Abdominal chakras can exercise the muscles of the body. There are different exercise postures according to different exercise needs, including kneeling, sitting and standing. Pay attention to the correctness of posture when exercising. Incorrect posture will not only affect the exercise effect, but also lead to more injuries. In addition to paying attention to posture, we should also pay attention to some action essentials, including straightening the back, tightening the core muscles and not overstretching the spine. Let's take a look at the correct posture and standard action essentials of the belly roll wheel. First of all, explain the correct posture of the belly roll wheel

Abdominal roller is a very good fitness equipment. If you often use the abdominal roller to exercise, your core muscles will get a good exercise effect. However, when you exercise with the abdominal roller, you must pay attention to the correctness of your posture, otherwise the exercise effect will be poor and you may hurt yourself. The correct posture of the abdominal chakra is:

1, kneeling position

The action of kneeling posture is: put a cushion on the ground, put your knees on the ground, hold the abdominal roller in your hand, and then inhale to make your back bend to the maximum with a certain arc, tighten your hips, tighten your chin, and keep your hips and thighs perpendicular to the ground. Note that the back should not be tilted too high and the back should not be sunken too much.

2. Sitting posture

Sit in a chair, put the abdominal wheel in a suitable position on the table, grasp the handle, palm forward, back straight, pull the abdominal wheel towards the chest, then reset and repeat the operation; Or sit up straight in the chair, hold the chair with both hands, put your feet on the armrest of the abdominal wheel, and roll the abdominal wheel back and forth on the ground.

Step 3: Standing posture

Stand on the ground with your feet together. A novice can spread his feet slightly wider than his shoulders, straighten his back, lean over and hold the abdominal wheel, push it forward until his body is flush with the ground, and then retract it.

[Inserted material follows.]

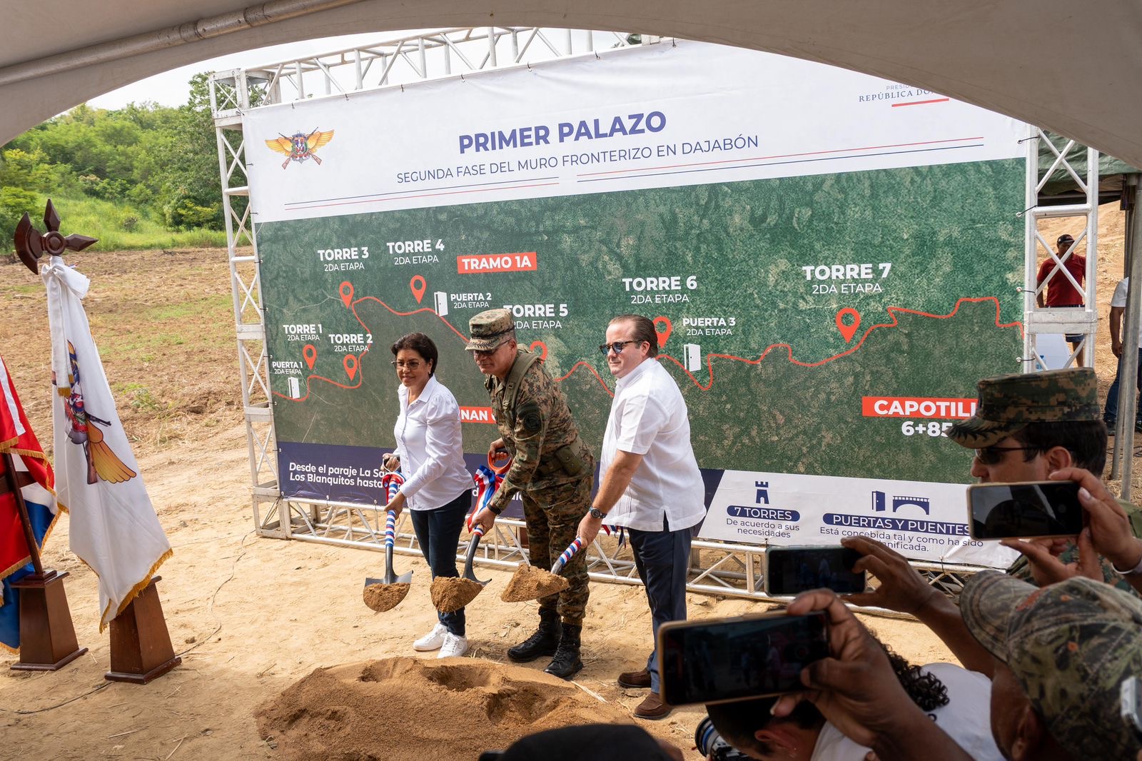 Dajabón, 20 de junio de 2025.–El ministro de la Presidencia, José Ignacio Paliza, y el ministro de Defensa, teniente general, Carlos Antonio Fernández Onofre, ERD, encabezaron el acto simbólico del primer palazo que marca el inicio de la construcción de la segunda fase de la verja perimetral fronteriza inteligente, como parte del plan estratégico del Gobierno dominicano para fortalecer la seguridad nacional y garantizar un mayor control del territorio.

Second, what are the main points of the standard action of the belly wheel?

When training abdominal chakras, we should pay attention to the correctness of posture and the essentials of several movements:

1, no matter what posture, you should straighten your back, tighten your core muscles, and don't bow your chest, otherwise you won't get the exercise effect and you are more likely to get hurt.

2. Don't inhale and exhale when doing an action. Inhale before the start of an action, hold your breath during the action, exhale when it is pushed to the maximum, and then inhale and retract the abdominal chakra.

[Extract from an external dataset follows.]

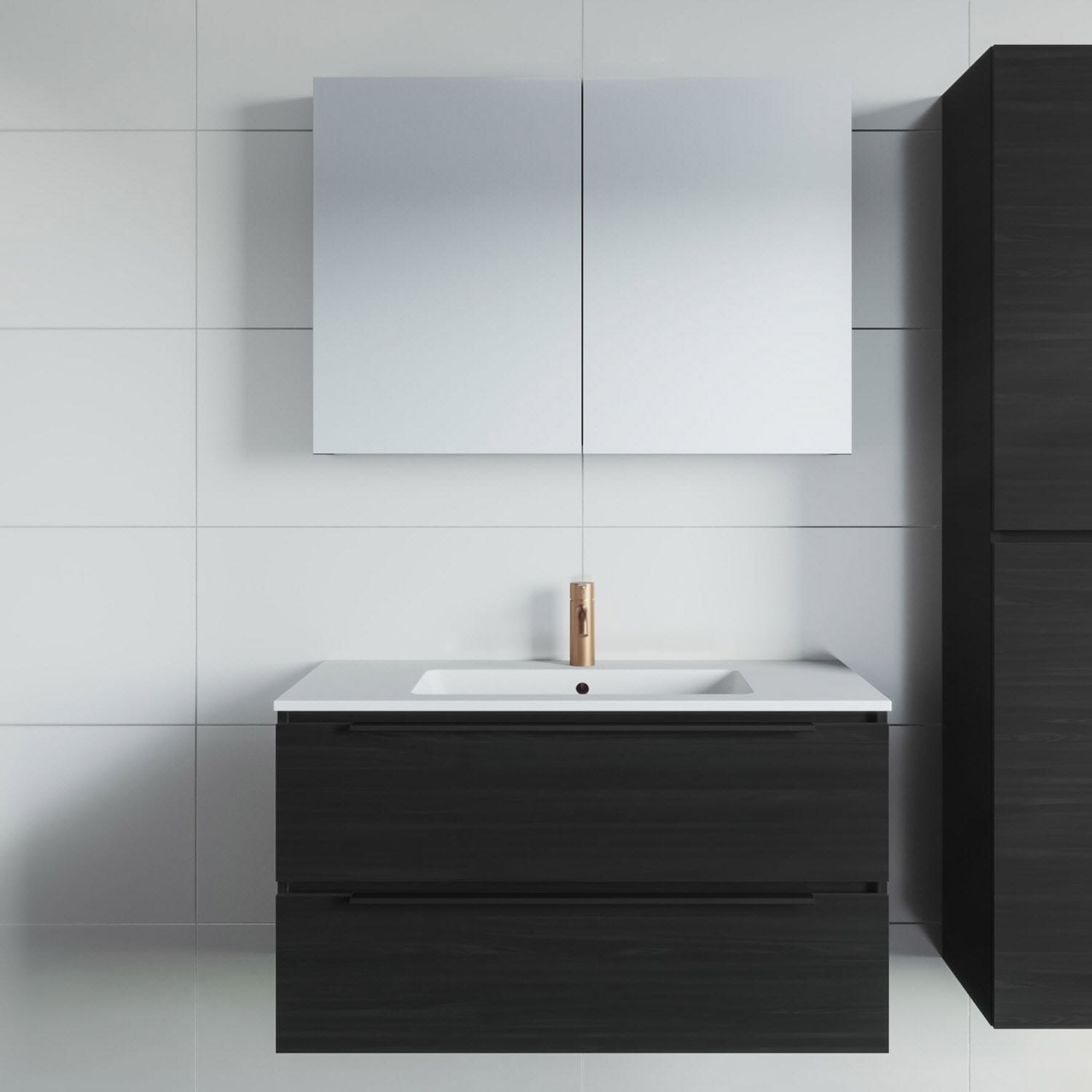 mit Spiegelschrank, Schubladen in klassischer Optik

3. When training the abdominal roller, make sure that the spine is in a neutral position, don't bend over or overstretch, and make full use of the core strength to stabilize the trunk under the correct arrangement of the spine.

4. When using the abdominal roller to exercise, we should pay attention to controlling the balance of the body and use the coordination of different muscle groups to control the whole movement.